We can't say how things will turn out regarding Iran, but we wonder if it will be as terrible as it now appears. Perhaps it will backfire and escalation this time will result in more dramatic calls for peace. There is turmoil in Iran, too – and there is no surety that what appears to be a steadily escalating conflict will end up that way. At some point, people may simply signal that they have had enough. This is perhaps more likely in an era of intensive communication such as the one we have now. People can see and read what is going on. They are less likely to act purely on instinct, or be swayed by nationalism

The more such wars – "military actions" – escalate in fact the more questions are raised. And in an era of electronic communications the questions remain, indelibly codified, stored and re-presented as necessary.

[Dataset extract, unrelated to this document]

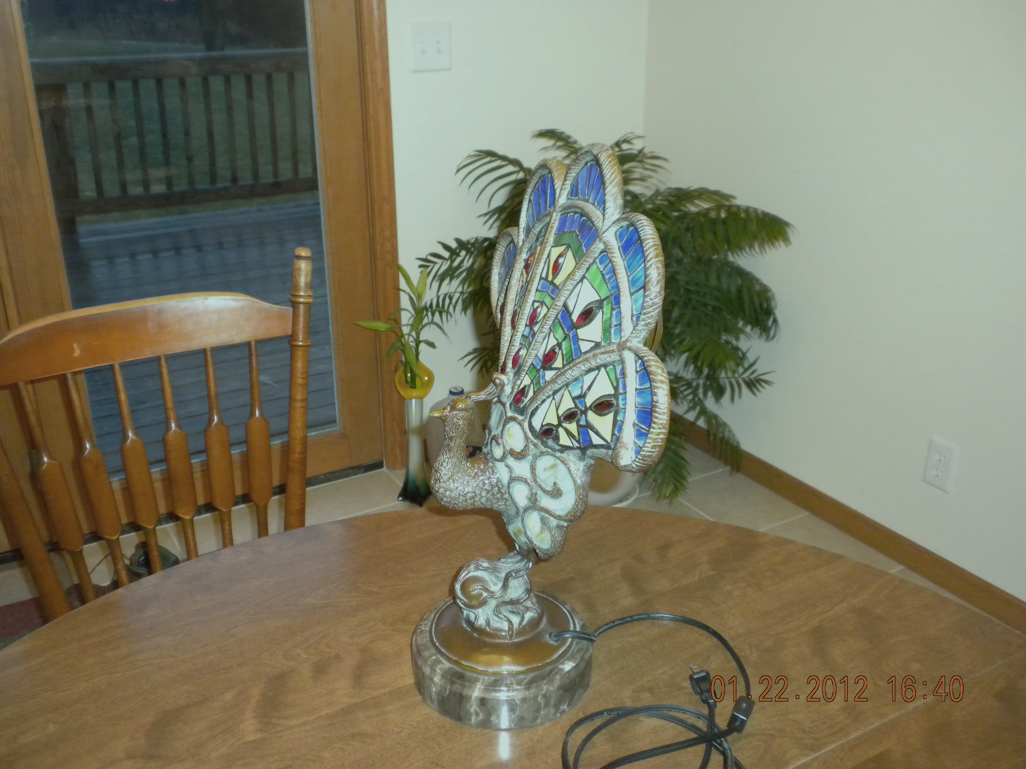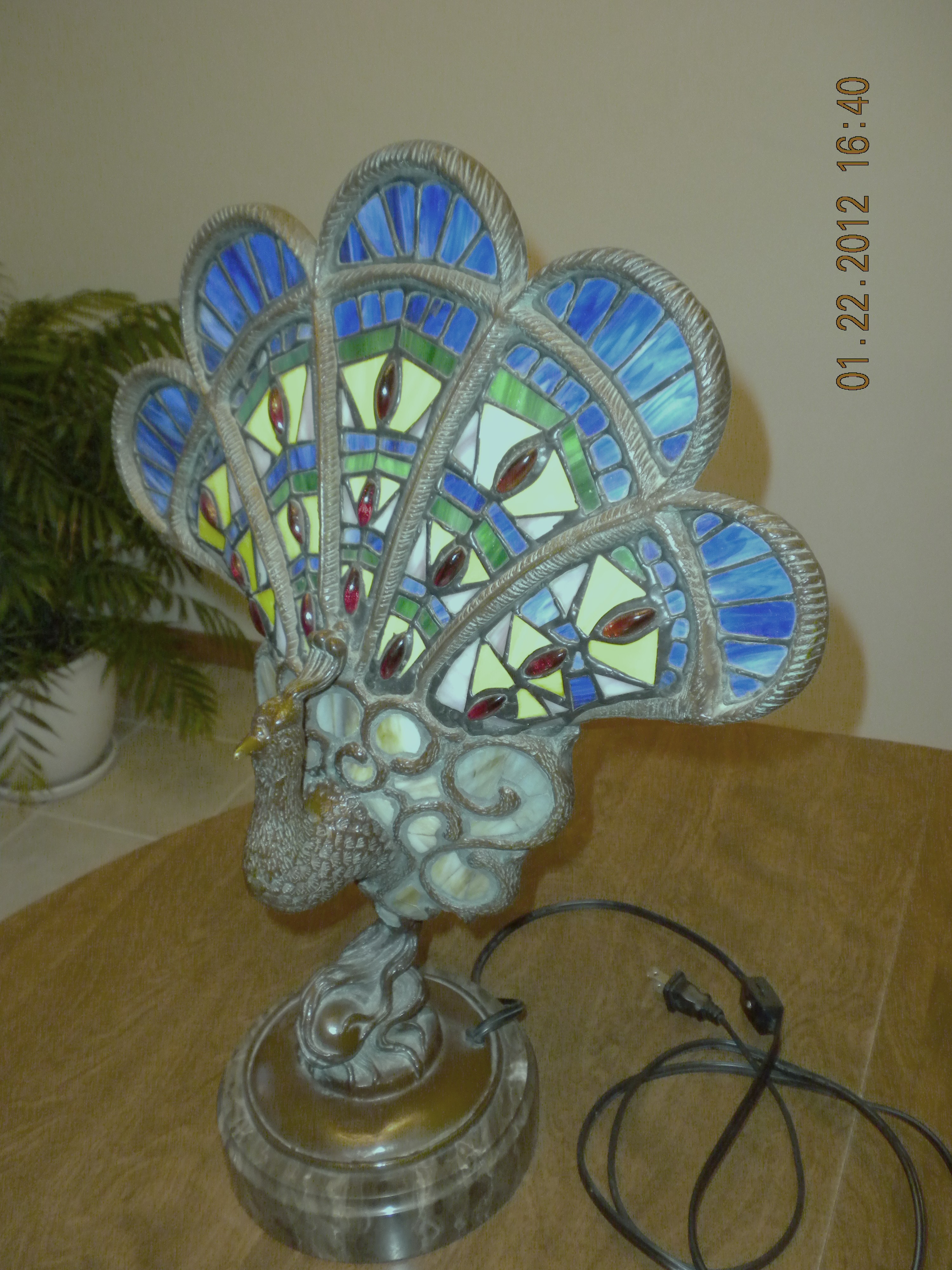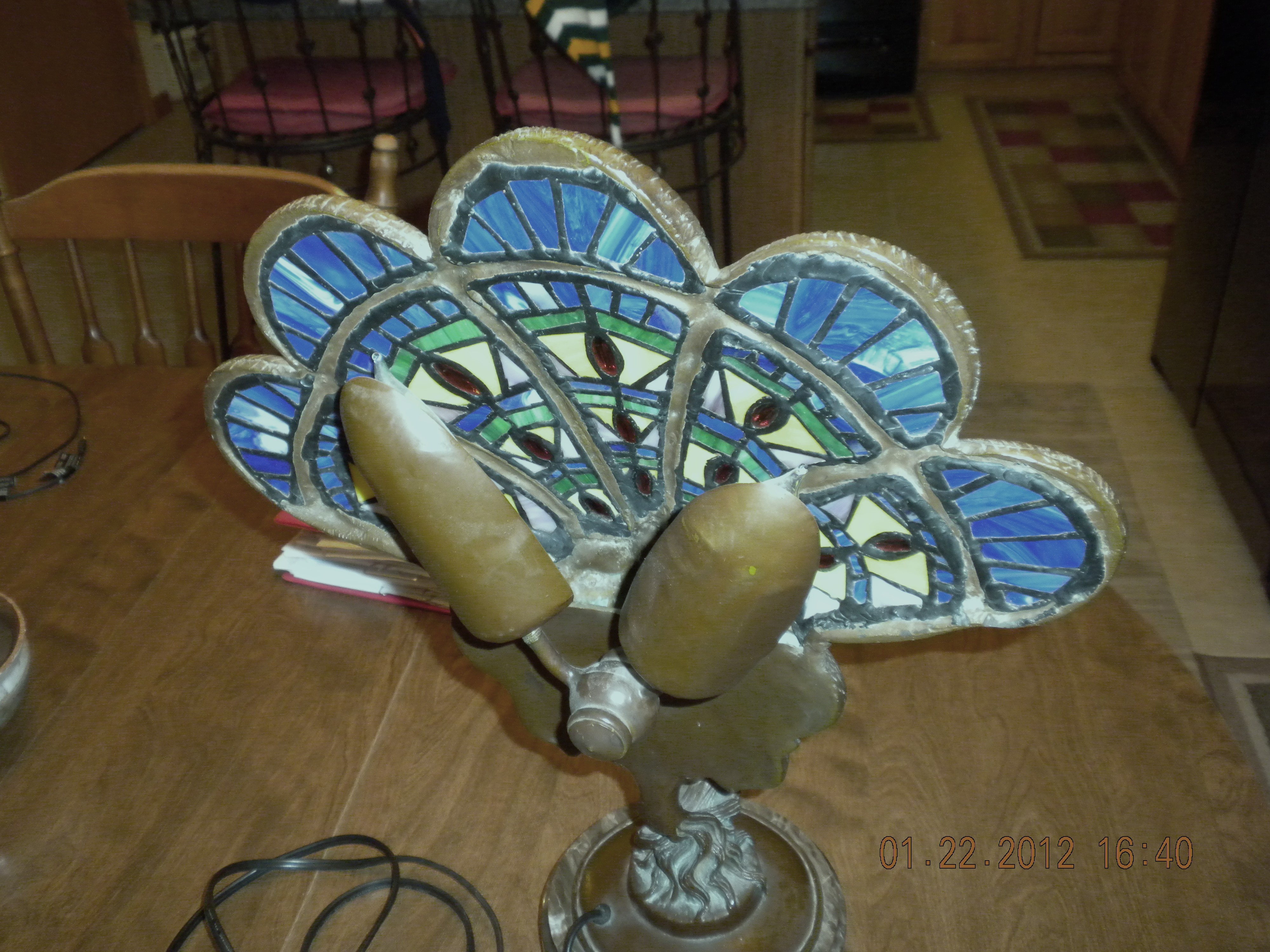 This has 2 small light bulbs shrouded in brass so it reflects through the stained glass feathers.

The Internet era is the era of ultimate information retention and recycling. Some see it as an endless and increasingly repressive loop. But it works both ways. And actually the pressure ultimately resides with the mass of citizenry not professional intelligence agents. That is in fact why the questions about 9/11 itself have not gone away but continue to build as the years move on. Unlike the 20th century, time is on the side of those who want to get to the bottom of things, not those who don't.

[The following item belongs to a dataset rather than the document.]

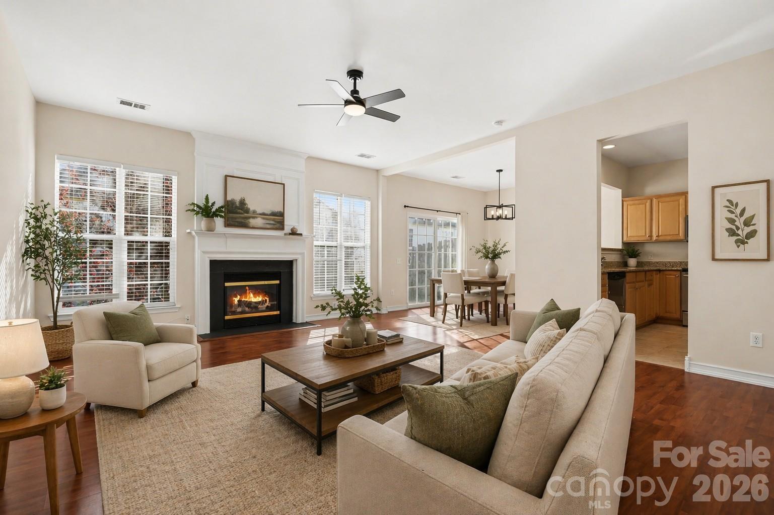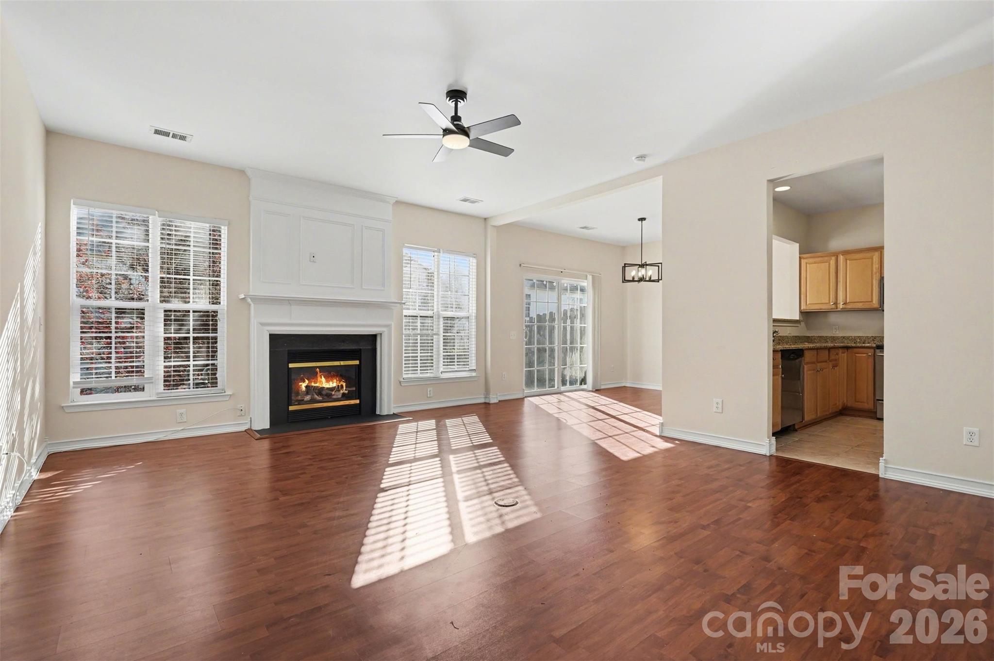 Well-maintained & move-in ready 3BR/2.5BA home tucked on a quiet street in desirable Reavencrest—featuring a rare 2-car garage in this community! Located in sought-after Ballantyne w/ award-winning schools, this home offers a functional layout & stylish updates throughout. The main level showcases laminate floors, a bright living room centered around a cozy fireplace w/ two large windows bringing in abundant natural light, & an inviting flow into the kitchen. The kitchen features granite countertops, SS appliances, ceramic tile flooring, & updated lighting for a fresh, modern feel. Upstairs, you’ll find spacious bedrooms including a primary suite w/ vaulted ceilings, along w/ conveniently located laundry. Bathrooms have been refreshed w/ updated light & faucet fixtures. Step outside to enjoy the oversized patio—perfect for relaxing or entertaining. A fantastic opportunity in a highly desirable location close the ballantyne bowl, Stone Crest at Piper Glen, Blakeney Town Center for endless entertainent, shopping and restuarants!

In fact, the Gutenberg press' arrival seems to have ushered in a string of wars (irregular and of varying temperatures), starting nearly 500 years ago, some of which lasted 100 years or more (shades of Dick Cheney?). Yet the wars did very little to derail the larger epiphanies derived from the increased information generated by the wide circulation of books. In other words, hostilities had little effect on the larger enlightenment and the general progress of society and expansion of freedom. The power elite doubtless fumed but had to take a step back. The human condition improved dramatically and the "dark ages" were vitiated. So … some speak of coming dark ages, but we see them lifting.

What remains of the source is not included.